I'm trying to map a tuple to another tuple based on a name map and get a strongly typed tuple as the result.

In some cases a single element from the source tuple may map into multiple elements in the result. Also, the source tuple may have variable length.

this is what I have for now:

const t1 = ["a", "b", "c"] as const;
const nameMap = {
    "a": [],
    "b": ["j"],
    "c": ["k", "l"],
} as const;
const t2 = t1.reduce<string[]>((acc, e) => {
    acc.push(...nameMap[e]);
    return acc;
    }, []);

However, "t2" is an array here, not a strongly typed tuple. How do I get t2 to be a strongly typed tuple (["j", "k", "l"] in this case)?

(order does not matter)


Solution

  • For this to work you'll need to write a recursive conditional type that walks through the tuple type of the input array and maps them to another array using the name mapper, and builds up an output by concatenating these arrays.

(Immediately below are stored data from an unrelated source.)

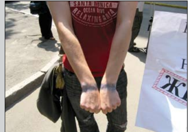
На фото учасники акції «Проти катувань»

Відео з акції можна подивитися тут: http://www.youtube.com/ugspl#p/a/f/2/11LUA3VoTso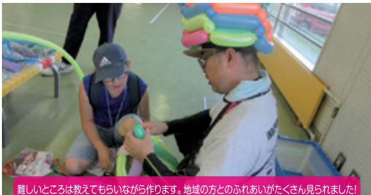
難しいところは教えてもらいながら作ります。地域の方とのふれあいがたくさん見られました!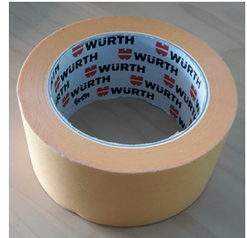
Würth paperiteippi (vaaleanoranssi)

    For example, here's a tail-recursive conditional type called MapNames<T, M> which takes an input tuple T and a mapping type M that converts the elements of T into a new array:

    type MapNames<
        T extends readonly string[],
        M extends Record<T[number], readonly any[]>,
        A extends any[] = []
    > = T extends readonly [
        infer F extends keyof M,
        ... infer R extends readonly string[]
    ] ? MapNames<R, M, [...A, ...M[F]]> : A
    

    It uses variadic tuple types to manipulate both the input and output tuples. Note that the third type parameter A is the accumulator and its use makes it tail-recursive and therefore amenable to fairly long input tuples. We break the input tuple T into the first element F and the rest of the elements R. Then F is a key of the mapping type F, and we concatenate the array M[F] to the end of the accumulator, and recurse.

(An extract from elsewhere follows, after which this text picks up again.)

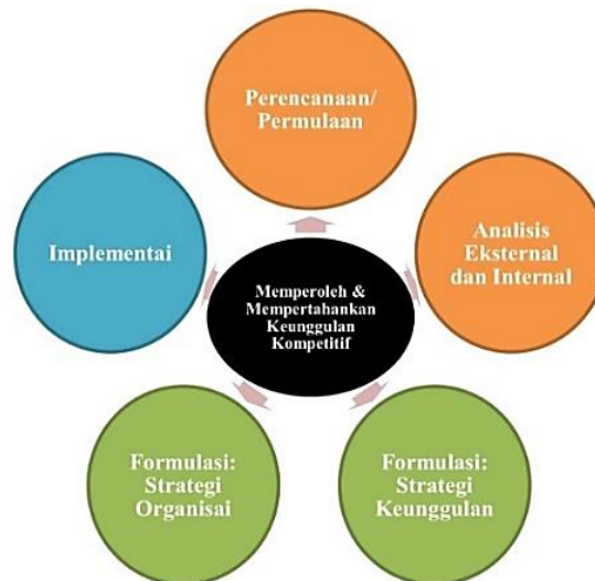
Gambar 1. Kerangka Strategis untuk Menerapkan Pandangan Manajemen Strategik

Salah satu definisi manajemen strategik adalah proses dimana pilihan organisasi yang mempengaruhi kualitasnya dibuat melalui integrasi tiga fase, diantaranya yaitu: formulasi/perencanaan, implementasi/penerapan, dan evaluasi. Keputusan yang diambil untuk mencapai tujuan organisasi diputuskan dan dipantau oleh pemimpin organisasi (Fadhli, 2020). Memasukkan manajemen strategik ke dalam organisasi bukanlah hal yang mudah, hal ini membutuhkan dukungan penuh dan pemahaman dari setiap karyawan. Jadi, ada langkah-langkah yang harus dipelajari dan diikuti saat menerapkan manajemen strategik. Tujuan dari manajemen strategik adalah untuk mendapatkan keunggulan kompetitif melalui integrasi atau kombinasi analisis, formulasi, dan pelaksanaan. Menurut (Rothaemel, 2017), ada tiga kerangka utama untuk menerapkan perspektif manajemen strategik: analisis, formulasi, dan pelaksanaan.

    Then you can write a generic mapNames() function that takes inputs of types T and an M and returns a MapNames<T, M>:

    function mapNames<
        const T extends readonly string[],
        const M extends Record<T[number], readonly any[]>
    >(t: T, m: M): MapNames<T, M> {
        return t.reduce<string[]>((acc, e) => {
            acc.push(...(m as any)[e]);
            return acc;
        }, []) as any;
    }
    

    This function is implemented the same way as your example, although there's no way for the compiler to understand that the implementation works for such a complicated recursive conditional generic type. So we have to loosen type safety inside the function via type assertions and the any type, or something like it.


    Let's test it out:

    const t1 = ["a", "b", "c"] as const;
    const nameMap = {
        "a": [],
        "b": ["j"],
        "c": ["k", "l"],
    } as const;
    const t2 = mapNames(t1, nameMap);
    //    ^? const t2: ["j", "k", "l"]
    console.log(t2); // ["j", "k", "l"]
    

    Looks good. The type of t2 matches the actual value at runtime.